(Stored data Opens)

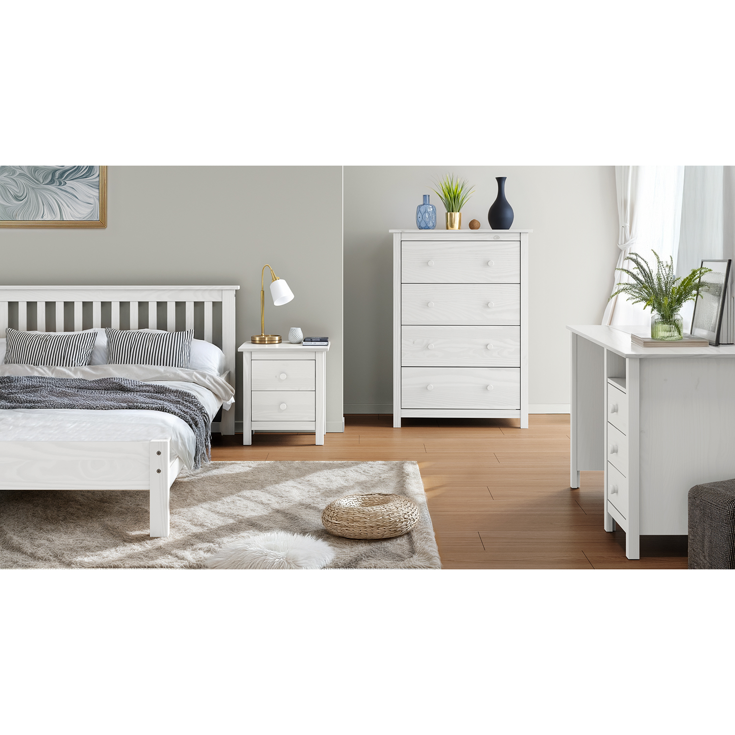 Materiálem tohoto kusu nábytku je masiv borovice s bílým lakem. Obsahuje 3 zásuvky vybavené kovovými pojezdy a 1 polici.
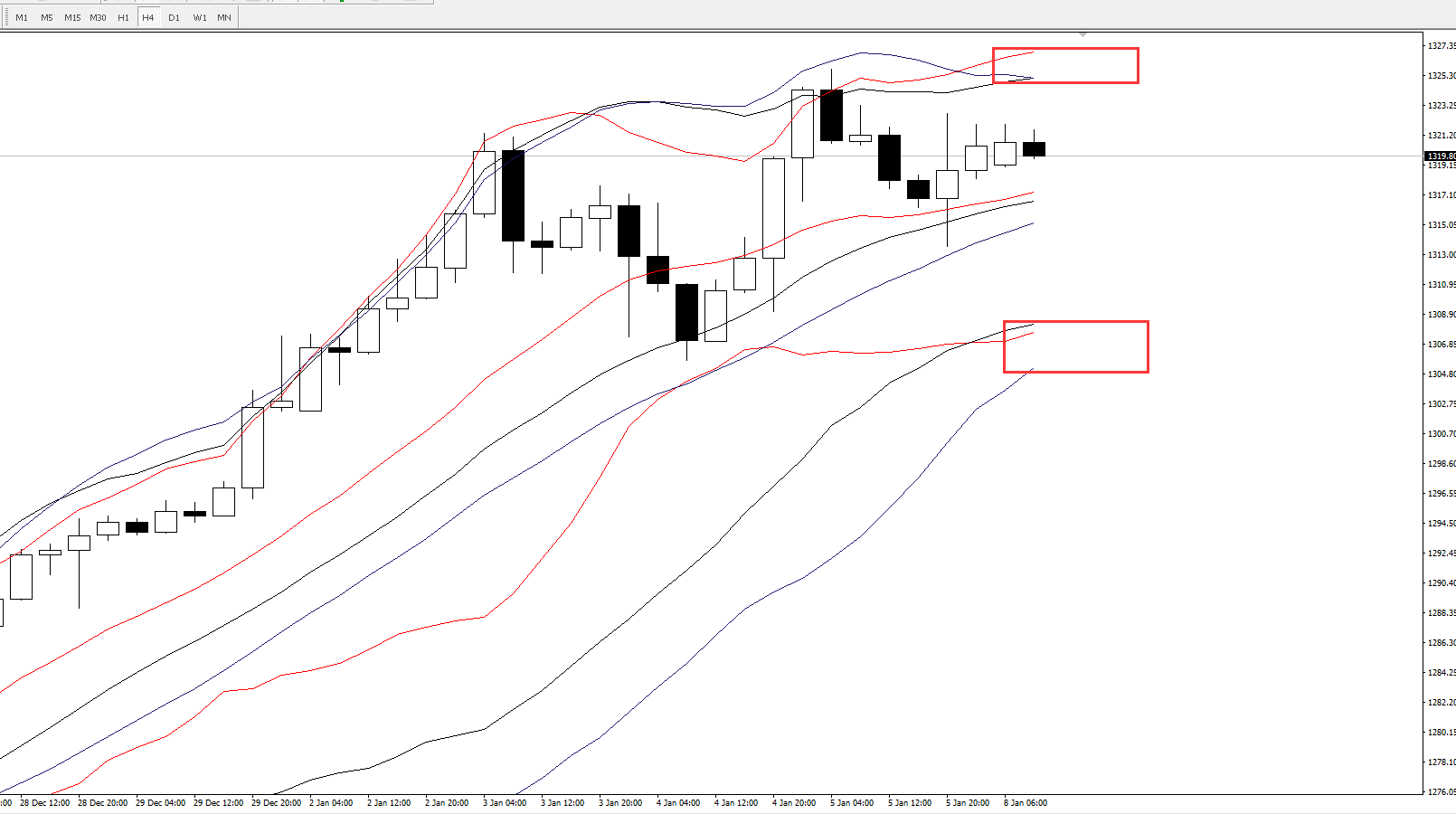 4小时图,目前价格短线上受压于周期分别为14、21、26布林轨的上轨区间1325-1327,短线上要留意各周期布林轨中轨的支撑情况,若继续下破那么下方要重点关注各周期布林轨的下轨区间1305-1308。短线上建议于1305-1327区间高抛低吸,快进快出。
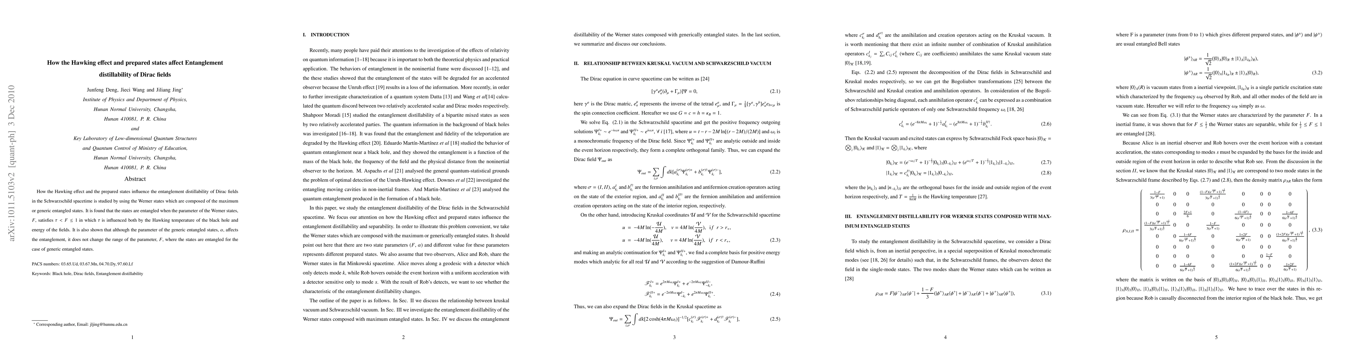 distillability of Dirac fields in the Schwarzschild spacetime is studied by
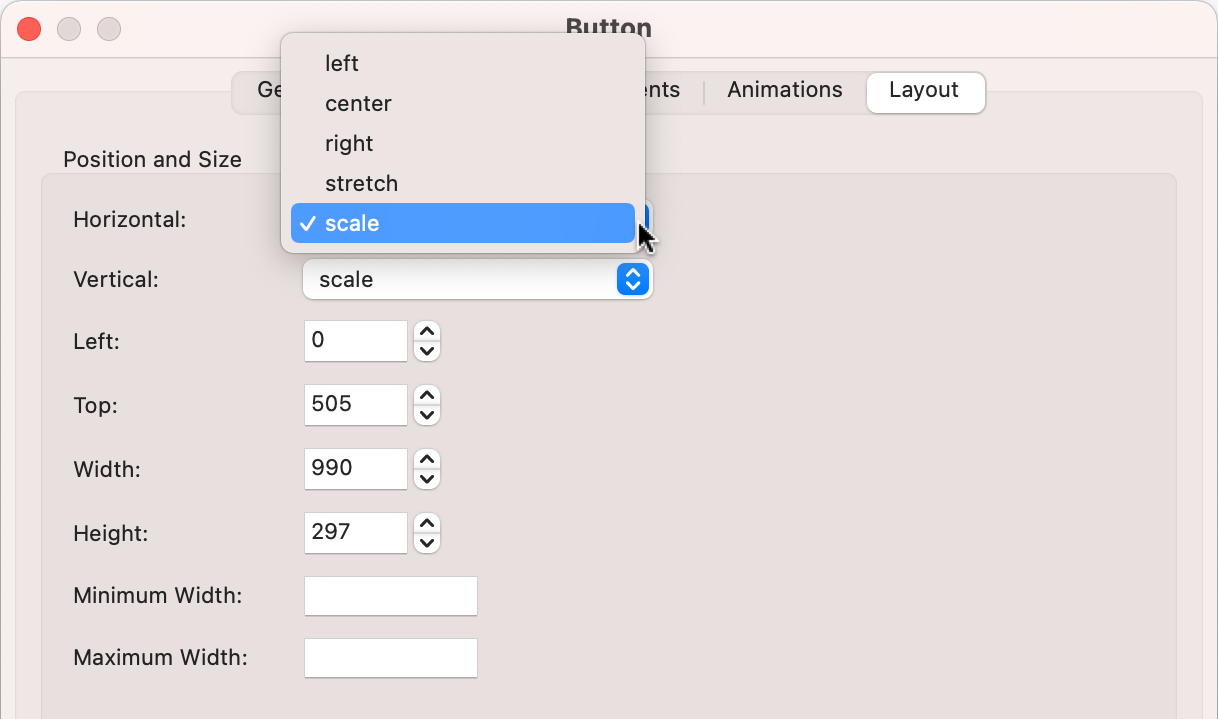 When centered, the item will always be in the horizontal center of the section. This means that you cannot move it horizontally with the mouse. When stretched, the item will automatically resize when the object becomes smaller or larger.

(Stored data Closes)

◆ Exercise details
Whenever a line holds a picture, print that line without the picture. All other data must be output exactly.

◆ Output for this exercise
 Materiálem tohoto kusu nábytku je masiv borovice s bílým lakem. Obsahuje 3 zásuvky vybavené kovovými pojezdy a 1 polici.
 4小时图,目前价格短线上受压于周期分别为14、21、26布林轨的上轨区间1325-1327,短线上要留意各周期布林轨中轨的支撑情况,若继续下破那么下方要重点关注各周期布林轨的下轨区间1305-1308。短线上建议于1305-1327区间高抛低吸,快进快出。
 distillability of Dirac fields in the Schwarzschild spacetime is studied by
 When centered, the item will always be in the horizontal center of the section. This means that you cannot move it horizontally with the mouse. When stretched, the item will automatically resize when the object becomes smaller or larger.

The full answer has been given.